*** PROVIDED RECORDS ***

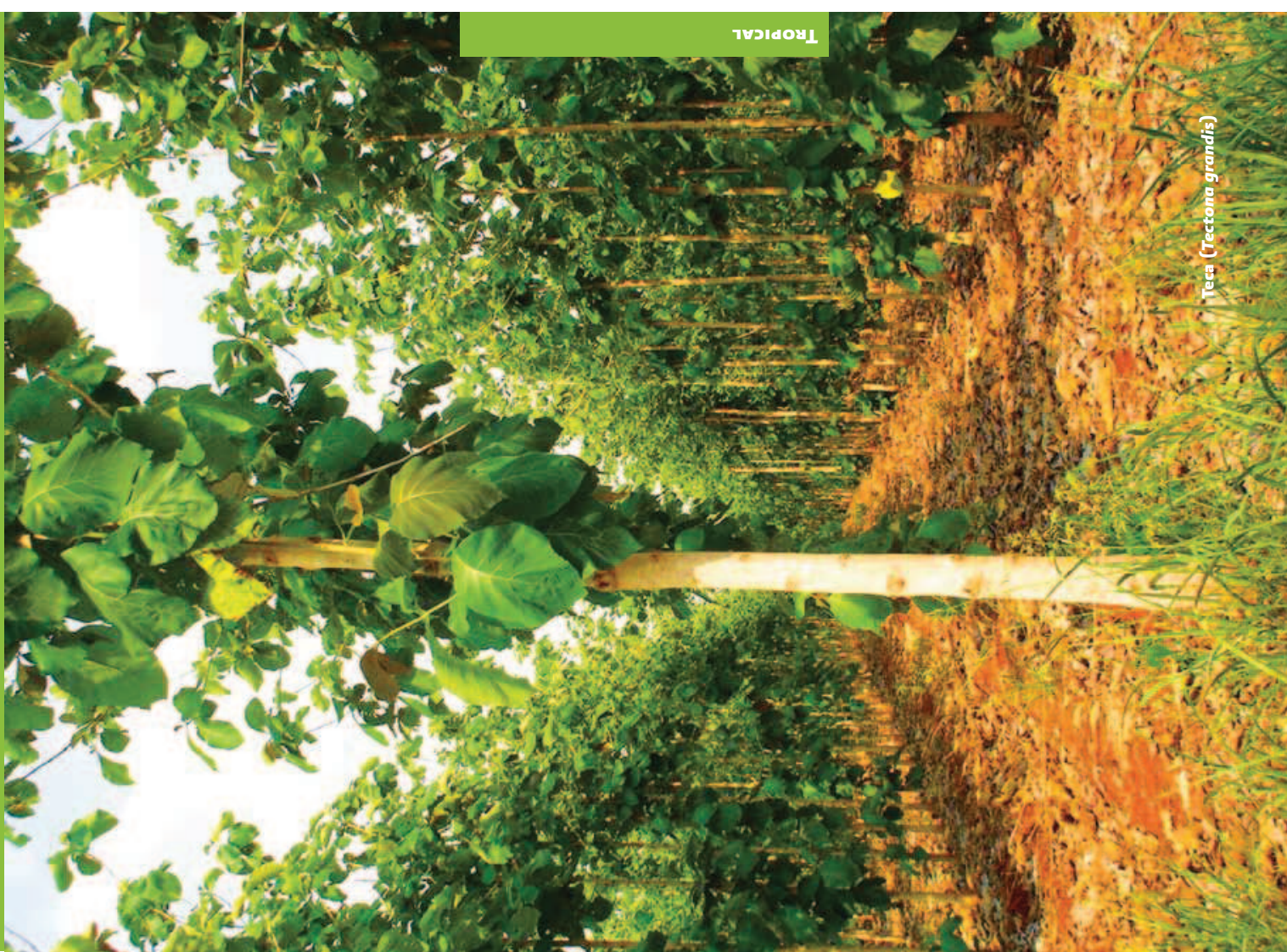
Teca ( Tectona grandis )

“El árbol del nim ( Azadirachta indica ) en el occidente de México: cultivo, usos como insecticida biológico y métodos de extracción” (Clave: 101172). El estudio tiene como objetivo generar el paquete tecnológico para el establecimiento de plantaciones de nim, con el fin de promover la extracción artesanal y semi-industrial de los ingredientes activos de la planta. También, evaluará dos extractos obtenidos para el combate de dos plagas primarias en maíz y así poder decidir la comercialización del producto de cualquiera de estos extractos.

*** End of PROVIDED RECORDS ***
*** PROVIDED RECORDS ***

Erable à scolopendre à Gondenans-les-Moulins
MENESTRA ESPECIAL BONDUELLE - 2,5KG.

*** End of PROVIDED RECORDS ***

TASK PROMPT:
Give again, word for word, every line of the listing above from the one with "Erable à scolopendre à Gondenans-les-Moulins" to the one with "MENESTRA ESPECIAL BONDUELLE - 2,5KG.", both inclusive, and nothing beyond them.

TASK RESPONSE:
Erable à scolopendre à Gondenans-les-Moulins
MENESTRA ESPECIAL BONDUELLE - 2,5KG.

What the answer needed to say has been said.